John Martin is the author of a book about Operation Anthropoid, the 1942 assassination of the Nazi governor of Bohemia and Moravia, Reinhard Heydrich. He says General Moravec gave the order for that daring mission.
“He came to Britain in March 1939, the day before the Nazis moved into the Czech lands. He was then in charge of all secret intelligence for the Czechoslovaks in Britain.
“He eventually came out and said he gave the order – he was very involved, and he admitted in the end that he gave the order for Operation Anthropoid.”
By then Moravec was living in the US. He had moved there following the Communist takeover of Czechoslovakia and found work at the Pentagon.
He died in Washington in 1966 and is buried at Cedar Hill Cemetery in Maryland.
Now, says John Martin, the general’s family are hoping to have his remains moved to his hometown of Čáslav.
“During my research, I’ve got very friendly with General Moravec’s family, and in particular with his granddaughter, Anita Moravec Gard.
“Čáslav have agreed to it, but it’s now we have to raise the money to make this thing happen.”
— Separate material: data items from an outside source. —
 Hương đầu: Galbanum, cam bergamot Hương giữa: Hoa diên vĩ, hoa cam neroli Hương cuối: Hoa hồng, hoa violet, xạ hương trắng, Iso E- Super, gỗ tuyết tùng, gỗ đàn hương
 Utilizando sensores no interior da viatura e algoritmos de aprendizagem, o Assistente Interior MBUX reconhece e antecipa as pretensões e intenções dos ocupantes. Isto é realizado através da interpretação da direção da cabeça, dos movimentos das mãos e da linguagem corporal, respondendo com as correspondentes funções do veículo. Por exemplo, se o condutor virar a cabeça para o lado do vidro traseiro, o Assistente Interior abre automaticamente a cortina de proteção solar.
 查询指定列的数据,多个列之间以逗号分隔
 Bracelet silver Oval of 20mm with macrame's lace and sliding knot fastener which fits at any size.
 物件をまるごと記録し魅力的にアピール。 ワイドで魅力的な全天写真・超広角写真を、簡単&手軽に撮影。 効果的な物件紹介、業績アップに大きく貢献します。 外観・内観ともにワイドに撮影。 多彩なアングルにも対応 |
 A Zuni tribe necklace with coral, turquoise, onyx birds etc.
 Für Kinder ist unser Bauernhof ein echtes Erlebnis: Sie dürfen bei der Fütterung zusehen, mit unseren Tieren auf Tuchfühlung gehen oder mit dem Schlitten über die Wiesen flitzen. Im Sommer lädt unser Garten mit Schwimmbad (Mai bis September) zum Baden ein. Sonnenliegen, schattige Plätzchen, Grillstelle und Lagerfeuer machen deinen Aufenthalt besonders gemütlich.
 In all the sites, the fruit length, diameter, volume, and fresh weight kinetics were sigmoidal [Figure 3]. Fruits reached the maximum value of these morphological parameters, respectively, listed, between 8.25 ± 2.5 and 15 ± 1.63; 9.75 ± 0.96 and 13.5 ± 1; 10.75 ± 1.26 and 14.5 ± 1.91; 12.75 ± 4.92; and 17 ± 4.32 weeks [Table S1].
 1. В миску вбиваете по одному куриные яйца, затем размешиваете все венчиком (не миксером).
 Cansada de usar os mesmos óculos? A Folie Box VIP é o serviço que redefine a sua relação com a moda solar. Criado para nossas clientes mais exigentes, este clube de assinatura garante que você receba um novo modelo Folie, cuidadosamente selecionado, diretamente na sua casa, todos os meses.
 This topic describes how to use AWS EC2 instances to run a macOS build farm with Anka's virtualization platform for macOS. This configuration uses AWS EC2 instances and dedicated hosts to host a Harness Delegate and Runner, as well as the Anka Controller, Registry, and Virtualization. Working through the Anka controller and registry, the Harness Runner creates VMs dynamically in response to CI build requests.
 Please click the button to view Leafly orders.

Mayor Vlastislav Málek was behind the bestowing of honorary citizenship of Čáslav in memoriam on General Moravec earlier this year.
He says the council welcomes the family’s intention to transfer his remains to the town and is ready to contribute financially. A place of honour at a local cemetery has already been set aside.
“For us General František Moravec is somebody who fought for freedom. He was a brave person for whom serving his homeland was everything.
"I think today in particular we have to have enormous respect for such people and their legacies – and that is how Čáslav feels about this.”
John Martin can be contacted via the Facebook group The Mirror Caught the Sun, named after his book on the Heydrich assassination: www.facebook.com/groups/218429970493/
John Martin says he is confident the general’s remains will eventually return home.
“His family want it to happen. Historians like myself want it to happen. It will happen – it’s just a case of how we raise the money for it to happen sooner rather than later.
"His grandchildren are not getting any younger. We just need it to happen sooner rather than later, really.”